Настаивая на упорной, последовательной работе депутатов, направленной к «торжеству правды» («не для того, чтобы получать деньги, собрались мы сюда»), Кузьмин-Караваев не раз пытался убедить народных избранников в том, что «быстрота работы отнюдь не должна идти в ущерб ее правильности и основательности». Он обращал внимание на объективные трудности законодательной деятельности, требующей профессионализма и тщательности: «Всякий конституционный механизм есть механизм чрезвычайно сложный, и приводить его в быстрое движение не представляется возможным». Кроме того, депутат-юрист подчеркивал исключительную сложность российских проблем.
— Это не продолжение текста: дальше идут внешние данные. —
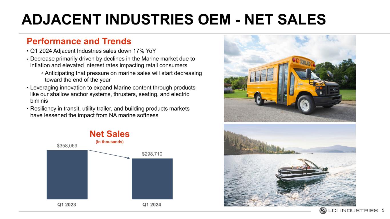 Performance and Trends • 73,500 wholesale towable units shipped in Q1 2024, up 17% YOY • Q1 2024 RV OEM sales up 15% YoY • Current 2024 North American forecast of 325 - 350k wholesale units • April 2024 net sales up 12% over April 2023, reflecting gradual industry recovery RV OEM - NET SALES Content per Wholesale Unit • Travel trailer and fifth-wheel RV content of $5,097 for Q1 20241, up 1% sequentially over Q4 2023 • Motorhome content of $3,656 for Q1 20241, up 4% sequentially over Q4 2023 4 Net Sales (in thousands) 1 For twelve months ended March 31, 2024
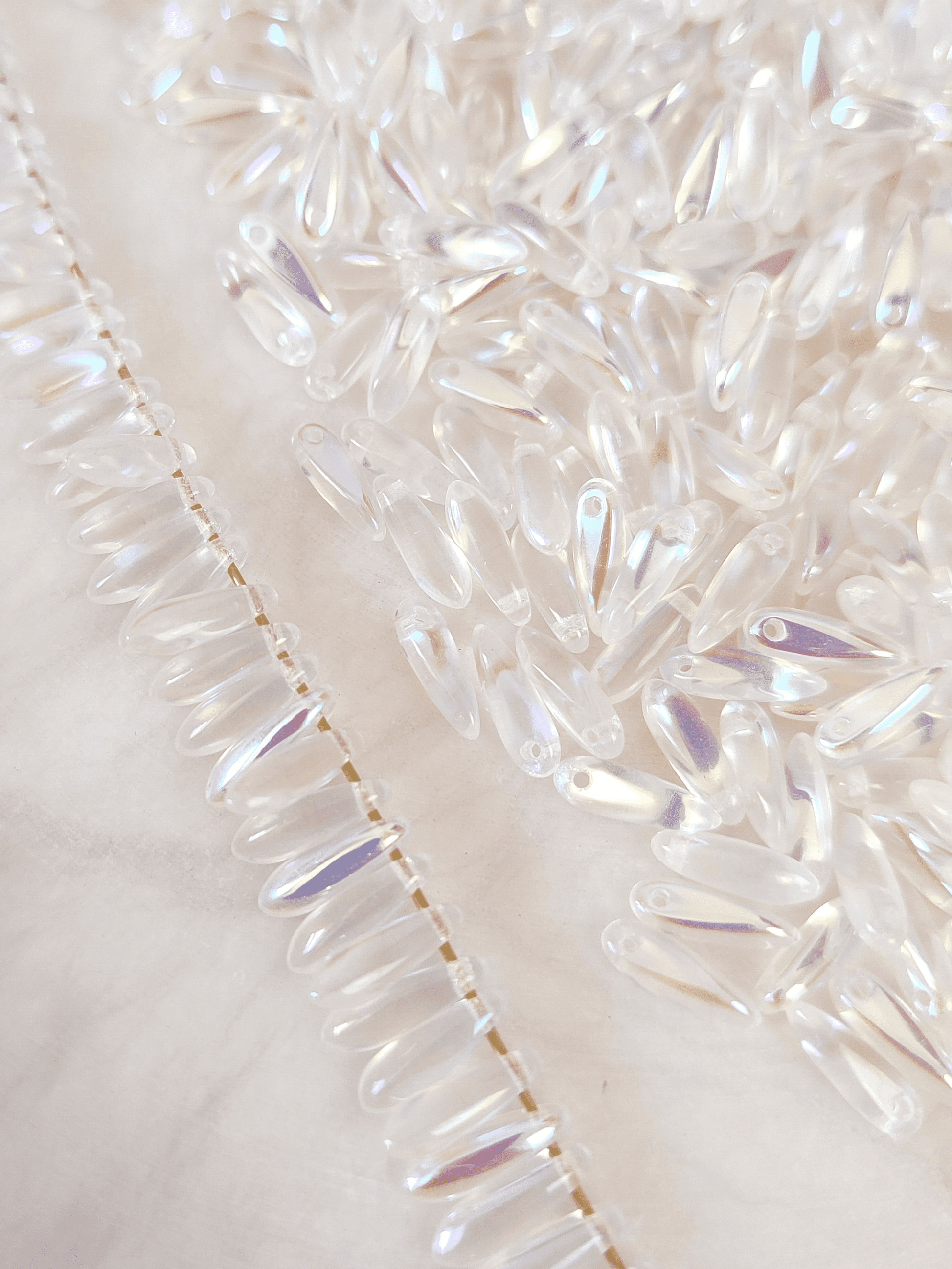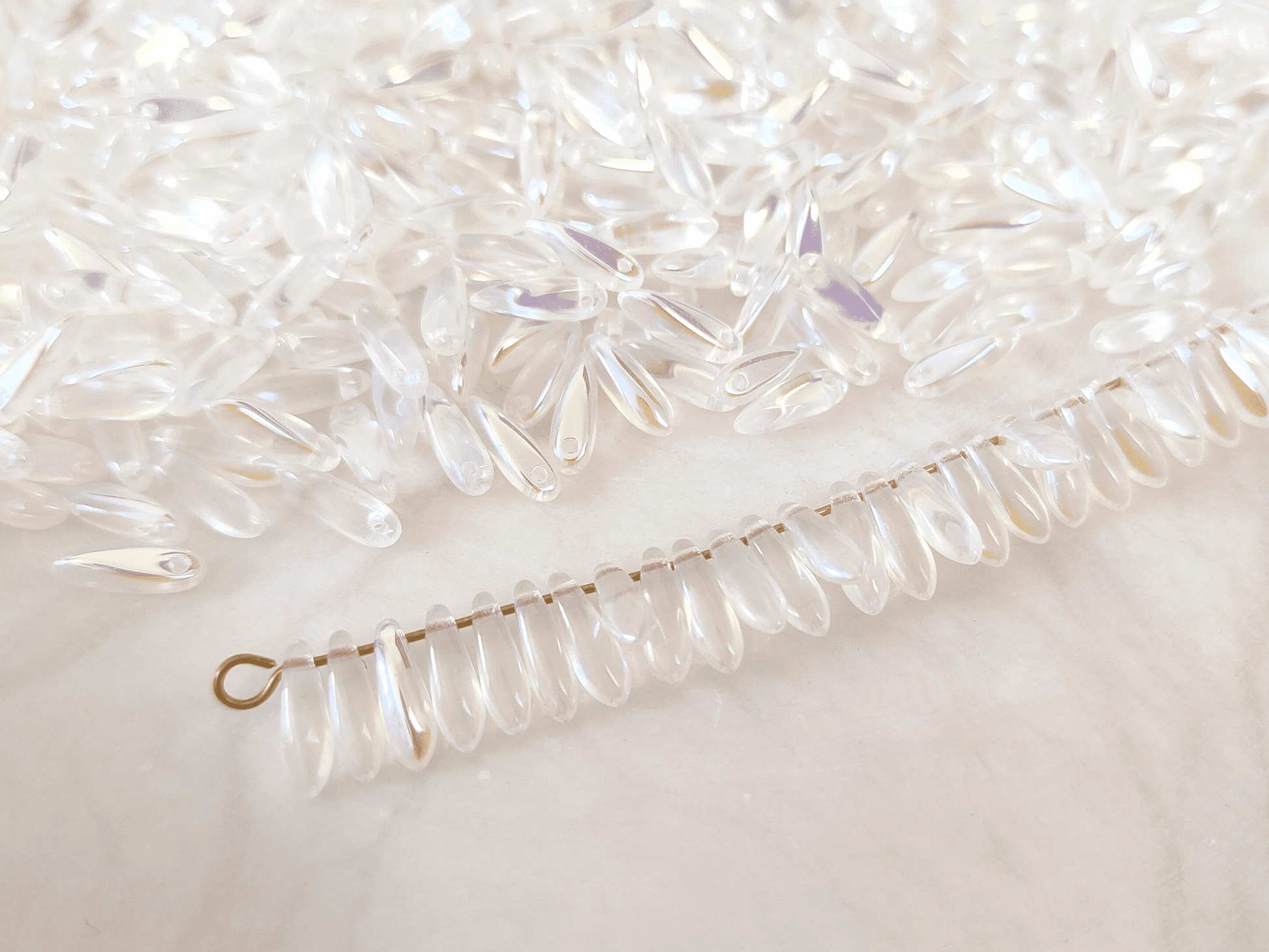 Small Bohemian dagger glass beads made of colorless glass with an iridescent finish, 3x11mm in size

В частности, он призывал запастись терпением при «продвижении» законопроекта о неприкосновенности личности, поскольку работа над ним требует не только отменить отдельные «наслоения» в законах, но подвергнуть коренной реконструкции «целые кодексы». Показательна и реакция Кузьмина-Караваева на «нестыковки» в выступлении кадетского оратора Е.Н. Щепкина: «Его заботы – улучшить бытовое положение нижних воинских чинов в сухопутной армии и флоте. А он предлагает установить такой закон, чтобы воинская повинность отправлялась на началах или условиях справедливости и права. Отправление воинской повинности – одно, бытовые условия военной службы – другое, дисциплинарные отношения, на которых покоится все войско, – третье», – обозначал многогранность проблемы оппонент Щепкина. Вывод Кузьмина-Караваева сводился к тому, что необходимо подходить с «наибольшей осторожностью и точностью» к «чрезвычайно важному» вопросу о том, стоит или нет затрагивать в ответном адресе Думы проблемы армии. «Не случайно – подчеркивал он, – специальная комиссия, занимавшаяся подготовкой упомянутого документа, ответила на данный вопрос отрицательно».
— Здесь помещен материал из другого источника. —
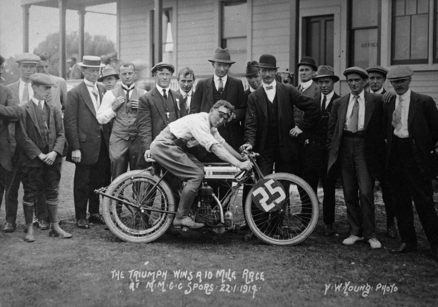 Members of the Manawatu Motor Cycle Club [MMCC] of Palmerston North shown with the 10 mile race winner, Alex Anderson. Anderson raced with considerable success around the lower North Island from 1913-1918. This race was held at the Tauherenikau Racecourse, Wairarapa, where Anderson entered and won both the 5 1/2 and 10 mile events. Third from right, with white shoes, is Harry Anderson. The photograph has the caption, "The Triumph wins a 10 mile race at MMCC Sports 22 1 1914. For an account of the race, see Manawatu Times, Volume LXV, Issue 2135, 23 January 1914, Page 5 (Available online at paperspast.natlib.govt.nz) Harold Plimmer was killed in an accident at the event.
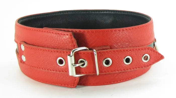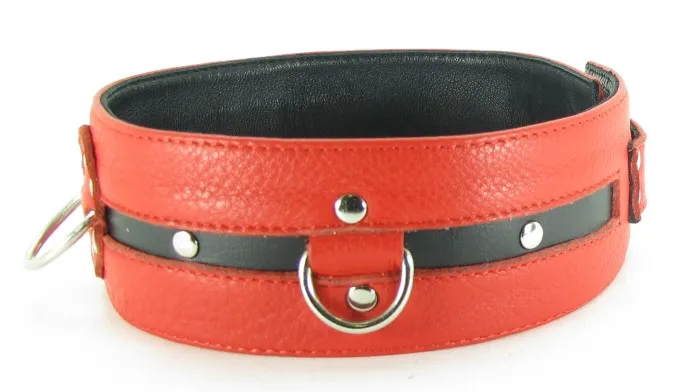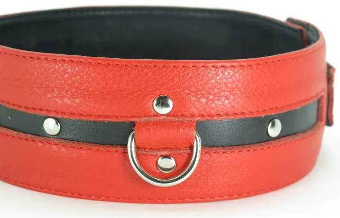 Оригинальный ошейник, в котором сочетаются красный и черный цвет. БДСМ-атрибут используют в откровенных властных играх. Стильный ошейник выполнен из качественной, мягкой кожи, с приятной на ощупь вставкой внутри. Украшен модными заклепками и имеет несколько колец для бандажа. БДСМ-атрибут регулируется при помощи ремешка с 5-ю отверстиями. Характеристики ошейника: цвет – красный с чёрным, материал – кожа, длина – 55 см, ширина – 5 см.

В ходе работы I Думы Кузьмин-Караваев еще более убедился в многотрудности решения проблем русской деревни. По его свидетельству, прения по аграрному вопросу показали, что Дума единодушно отнеслась только к одному: принципу принудительного отчуждения частновладельческих земель в пользу крестьян и вообще лиц, обрабатывающих землю личным трудом. Преобладающее большинство депутатов признало также необходимость выработки общих начал аграрно-крестьянской реформы для всего государства. Что же касается конкретного содержания назревших преобразований в сфере земельных отношений, то здесь обнаружился широкий разброс мнений. По замечанию Кузьмина-Караваева, «оказалось, что идея образования государственного земельного запаса далеко не так популярна, как можно было ранее думать». Признавая необходимость дальнейшего углубленного изучения проблемы, Кузьмин-Караваев в заседании 15 мая 1906 года выступил против ускоренного «продвижения» в Думе кадетского аграрного законопроекта за подписью 42-х депутатов. Он предложил продолжить прения и более ответственно подойти к избранию членов аграрной комиссии.
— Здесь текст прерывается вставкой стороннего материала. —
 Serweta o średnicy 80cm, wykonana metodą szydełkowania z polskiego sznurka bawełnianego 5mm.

В думских дебатах Кузьмин-Караваев еще не раз выступал в роли своего рода «модератора», своим экспертным мнением нередко оказывая влияние на ход дискуссий. Еще в первой министерской декларации (13 мая 1906 года), обращенной к органу народного представительства, он увидел опасную тенденцию со стороны власти – дискредитировать Государственную думу, поколебать ее авторитет: «Высшее законодательное учреждение, образованное из представителей народа, единственное, которое пользуется авторитетом, выслушало, что разрешение земельного вопроса так, как оно находит нужным, „безусловно недопустимой Народные представители выслушали совет: „Помогайте органам исполнительной власти в их ответственном деле – внести в страну успокоение“». Как следующий шаг в том же направлении он охарактеризовал правительственное сообщение по аграрному вопросу от 20 июня 1906 года: в нем указывалось, что принудительное отчуждение земли вредно для самих крестьян, а также сообщалось о внесении в Думу правительственных законопроектов о реформе крестьянского землевладения (впоследствии реализованных в ходе аграрной реформы Столыпина). По словам Кузьмина-Караваева, выраженная в документе «тенденция» подчинить законодательную власть исполнительной привела его, человека уравновешенного, «в состояние бешенства»: «В конституционном государстве министерство противополагает Монарха народному представительству, волю Монарха и его заботы противополагает воле и заботам народа в лице его представителей! Ведь это такое дикое непонимание, которое может быть свойственно только людям абсолютно невежественным!» Однако Кузьмин-Караваев был убежден, что дело здесь не только в «непонимании» ситуации «верхами». По его словам, авторы правительственного сообщения наносили целенаправленные «удары» по Думе, применяя «абсолютно недопустимый прием» – полемику с органом народного представительства от имени Монарха, рассчитанную на крестьянские массы: «Они пишут: пусть Государственная дума говорит что ей угодно, а решение земельной нужды придет к вам, но только не от Государственной думы». В такой постановке вопроса Кузьмин-Караваев видел «прямой вызов к восстанию», поскольку «после прочтения сообщения невольно возникает среди крестьян вопрос: зачем же существует Государственная дума?», логическим следствием которого может явиться требование ее ниспровержения. В этой связи закономерной была его характеристика правительственного сообщения 20 июня как «провокации» со стороны верховной власти.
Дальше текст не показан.